Sat | Jul 27, 2024

Appeal Court denies application for return of boat on which cocaine was found

Published:Monday | June 10, 2024 | 5:54 PM
In refusing the orders sought, the court encouraged the applicant to move expeditiously to take the necessary steps to properly approach the court. - File photo

The Court of Appeal in refusing to grant orders for the return of a boat that was confiscated after cocaine was found on it,  has expressed regret that 17 years have passed since the applicant took steps to overturn the order.

The delay was due to non-production of records in the Kingston and St Andrew Parish Court since January 2007.

In refusing the application, the court upheld a preliminary objection by Crown Counsel  Donnette Henriques and Afreya Cox that the application should have been brought under the Judicature (Appellate Jurisdiction) Act (JAJA) instead off the Dangerous Drugs Act.

Mark Archer, the owner of the boat, had filed an appeal for an expedited hearing in August 2023 against the forfeiture order made in the Parish Court in 2007.

Orders were made by the Court of Appeal on December 4, 2023 for the court administrator at the parish court to cause the clerk of the court to transmit to the court before December 18, 2023 the relevant documents for Archer's matter to be heard expeditiously.

The boat, known as the Dolphin Lady, which is a 60-foot trawler fishing boat, was searched by the police with the assistance of the Jamaica Defence Coast Guard in February 2005. A bucket with eight parcels of cocaine was found on deck. Eight men were on board at the time and one of them admitted that the packages belonged to him.

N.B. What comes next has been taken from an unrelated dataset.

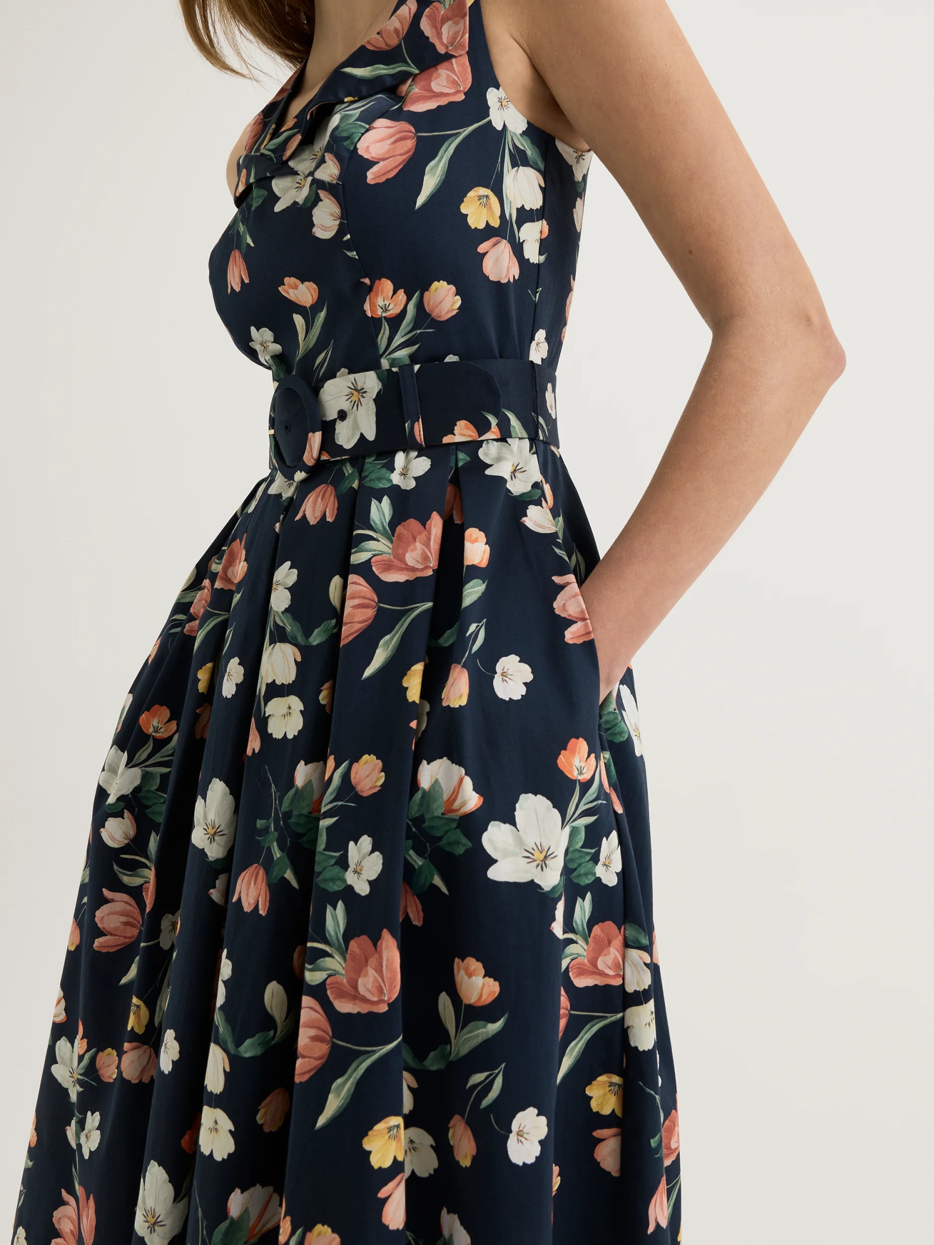 Made of a stretch cotton fabric that features this season’s statement print, the Gardenia Dress is a vintage inspired piece that features a Queen Anne neckline, fitted bodice, and full pleated skirt. Complete with a belted waist and side pockets for small essentials, this dress is ideal for day to night outfitting.

All the men were subsequently arrested and charged, but seven of them were freed after the man who admitted that the packages belonged to him pleaded guilty in court.

On February 17,  2005, Archer, through his attorney Ernest Davis, applied in the parish court for the release of the boat and its cargo of fish weighing 6,000 pounds. Archer stated that he did not know that drugs or anything illegal were on the boat. The application was heard in the Kingston and St Andrew Parish Court and was refused on February 21, 2005.

After one of the eight men pleaded guilty to drug charges on March 30, 2005, the parish judge signed a forfeiture order under the Dangerous Drugs Act. The order indicated that the application for forfeiture of the boat was made on behalf of the Crown by the Clerk of the Court.  Archer made another  application in April 2005 for the revocation of the order but it was refused on January 5, 2007.

“It is to be regretted that some 17 years have passed since the applicant embarked on his quest to overturn the order of the Resident Magistrate so that the vessel can be released. It is truly egregious that this delay was largely occasioned by the non-production of the record of proceedings in the court below,” the court lamented.

The court pointed out that the application before the court was for the hearing of the application to be treated as the hearing of the appeal so that the Dolphin Lady can be released. 

“There is no proper appeal before us and as such we have no choice but to refuse the application," the court comprising Justices Paulette Williams, Evan Brown and Kissock Laing ruled last month.

The attorneys for the respondents argued that Archer had brought his application under the wrong law and had not properly invoked the jurisdiction of the court for the matter to be heard and determined. 

It was further submitted that the  applicant was not a defendant before the court for the offences that engendered the application under section 24(2) of the Dangerous Drugs Act and, therefore, lack standing to make an application pursuant to section 293 of the Act. They further argued that the application should instead have been brought under section 29 (1) of the JAJA.

Attorneys-at-John Clarke and Isat Buchanan who represented Archer had argued that the applicant was not a convicted person nor was he seeking the exercise of His Majesty's mercy and thus could not seek to have the matter referred to the Court of Appeal by virtue of the provision of the JAJA. The attorneys argued that based on the special statutory jurisdiction of the resident magistrate (now parish judge) the applicant would have an interest in the boat and if aggrieved by the final order or judgment he could  apply pursuant to section 293 of the Dangerous Drugs Act.

The court referred to the case of Bertram Sears versus the DPP which is a case similar to Archer's in which a petition to the Governor General was referred to the Court of Appeal for a re-hearing under section 29(1) of the JAJA.  The relevant section gives the Governor General the authority to refer petitions to the Court of Appeal.

In refusing the orders sought, the court encouraged the applicant “ to move expeditiously to take the necessary steps to properly approach this court.”